Latin American applied research
versión ISSN 0327-0793
Lat. Am. appl. res. vol.40 no.3 Bahía Blanca jul. 2010
Assembly and release of diclofenac acid-pillared hydrotalcites
X. Peng†‡, K. Huang‡, S. Zhang† and J. Liu†
† Department of Chemistry and Environmental Engineering, Changsha University, Changsha 410003, China.
‡ School of Chemistry and Chemical Engineering, Central South University, Changsha 410083 China.
Abstract - A pharmaceutically active material diclofenac was intercalated into a layered double hydroxide by co-precipitation method, release studies suggest that the result diclofenac acid-pillared hydrotalcites (Dic-LDHs) have significant sustained release effect. The complex materials were characterrized using XRD, FTIR, DSC-TG, EA and ICP. The result show that the interlayer distance of the Dic-LDHs is expanded to 1.83nm and the thermal stability of material increases after the intercalation of diclofenac.
Keywords - Diclofenac Acid. Hydrotalcites. Release. Assembly.
Layered double hydroxides (LDHs), which are referred to as hydrotalcite-like compounds or as anionic clays, are an important class of ionic lamellar solids (Cavani et al., 1991).
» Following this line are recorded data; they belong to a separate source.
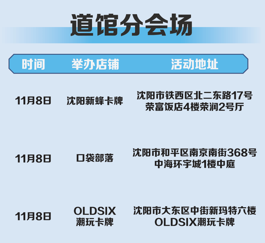 “2025宝可梦卡牌沈阳超级赛”(以下简称“沈阳超级赛”)主会场的比赛将于11月9日在沈阳新世界博览馆4A&4B馆(沈阳市和平区博览路2甲2号) 举办。 请所有参赛训练家做好最后的准备。
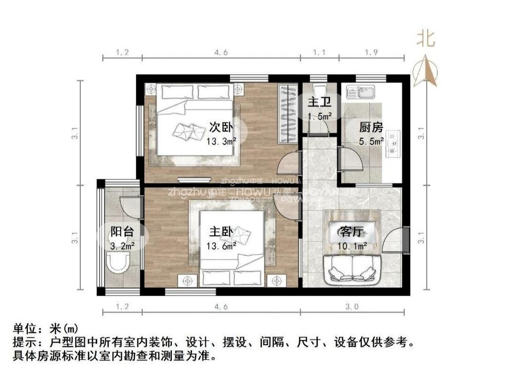朝向南北 建筑面积62.84㎡
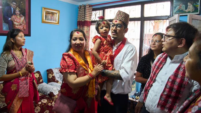 Tuesday is the eighth day of Dashain, a 15-day celebration of the victory of good over evil. Offices and schools are closed as people celebrate with their families.
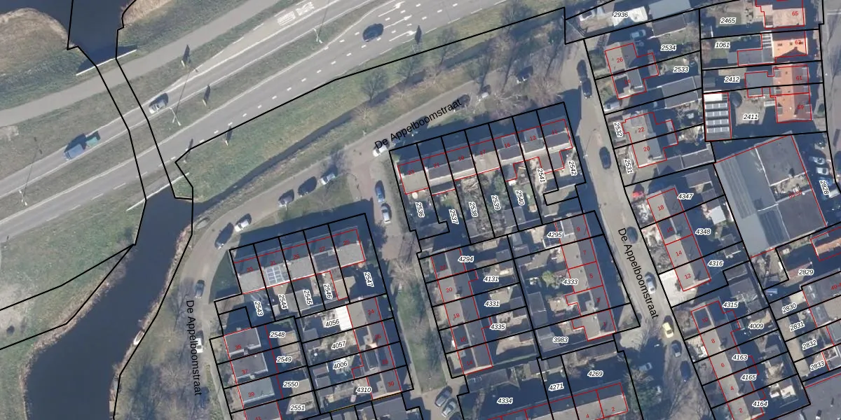 Gebruik de zoekbalk of klik op een perceel om informatie over het perceel te bekijken.
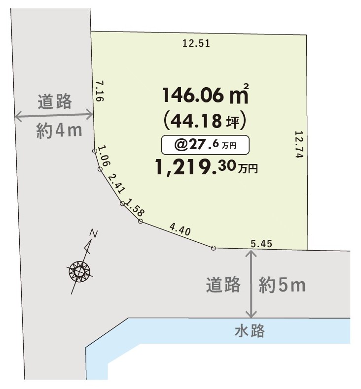 設備 上水道、電気 道路 南側約5m、西側約4m
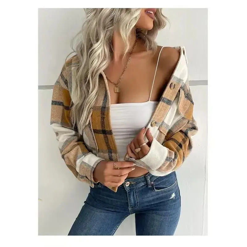 Long Sleeve Flannel Cropped Shacket Plaid Button Down Shirt Jackets For Women With Lapel Pockets
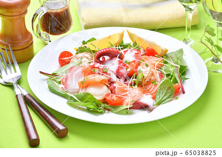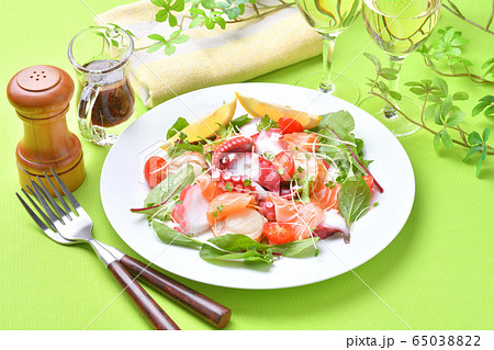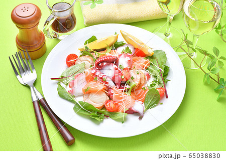 シーフードサラダ ヘルシーサラダ 海鮮と野菜 健康料理 イメージ素材
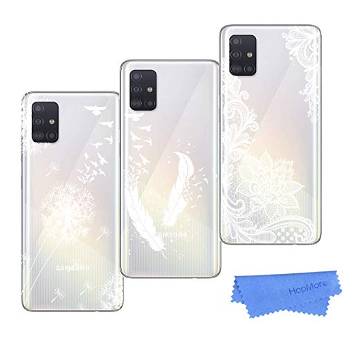 HopMore 3 Pack Cover per Samsung Galaxy A51 Silicone Morbido Trasparente con Disegni Panda Fiore Belle Custodie Trasparenti Antiurto Case Slim Protettiva Caso Molle - Fiore Di Tarassaco Piuma
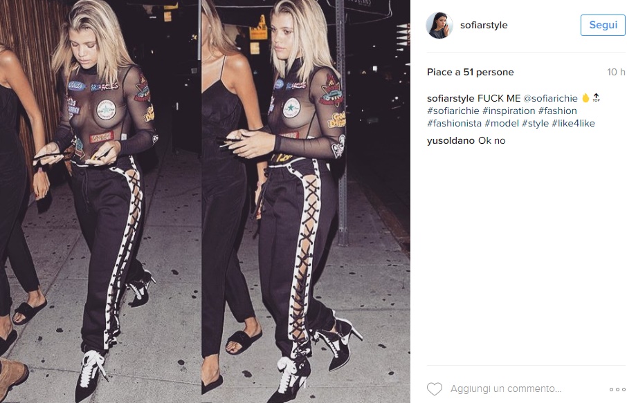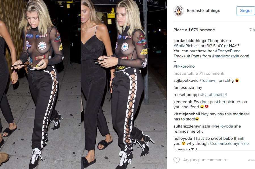 LOS ANGELES – Justin Bieber, ex Sofia Richie: che smacco, ecco con chi esce FOTO. Sarà che accanto a Justin Bieber era ormai abituata a far parlare di sé, sarà che ha capito che per catalizzare l’attenzione della stampa ha bisogno di azioni forti… ecco che Sofia Richie non perde occasione per attirare l’interesse dei fotografi e lo fa con 2 validi motivi: innanzitutto perché si fa pizzicare in quel di Hollywood niente meno che con Bronte Blampient, con cui Justin ha avuto una storia appena prima di Sofia. In secondo luogo, Sofia osa un look a dir poco esagerato che ha letteralmente fatto impazzire i fan: t-shirt completamente trasparente e senza reggiseno, le forme di Sofia sono nascoste solo da adesivi sapientemente applicati sulla maglia. Pantaloni della tuta aperti di lato e tenuti solo da due lacci e scarpe con tacco completavano il look a dir poco eccentrico. Che dire, non tutti i fan non hanno apprezzato questa svolta estrema di Sofia che invece fino a qualche tempo fa (sicuramente fino alla sua relazione con Justin Bieber) preferiva conservare un profilo più basso.

They can be described by the general formula: [M2+1-xM3+x(OH)2]x+(An-) x/n. m H2O, where M2+ and M3+ can be any divalent and trivalent metal ions (with ionic radius similar to Mg2+), x is the metal ratio M3+/(M2++M3+) and An- is the interlamellar charge-compensating anions (Bouraada et al., 2008). Their structure are made of brucite-like layers (Mg(OH)2) with partial substitution of divalent cations by trivalent cations resulting in a net positive charge balanced by interlayer anions associated with variable amounts of water (Gennequin et al., 2008). They have been widely investigated owing to their potential applications as ion exchangers, catalyst supports and so on (Carpani et al., 2004; Terry, 2004). Recently, LDHs have been investigated for storage and delivery of some drugs, such as NSAIDs (nonsteroidal anti-inflammatory drugs) widely used in rheumatism treatment.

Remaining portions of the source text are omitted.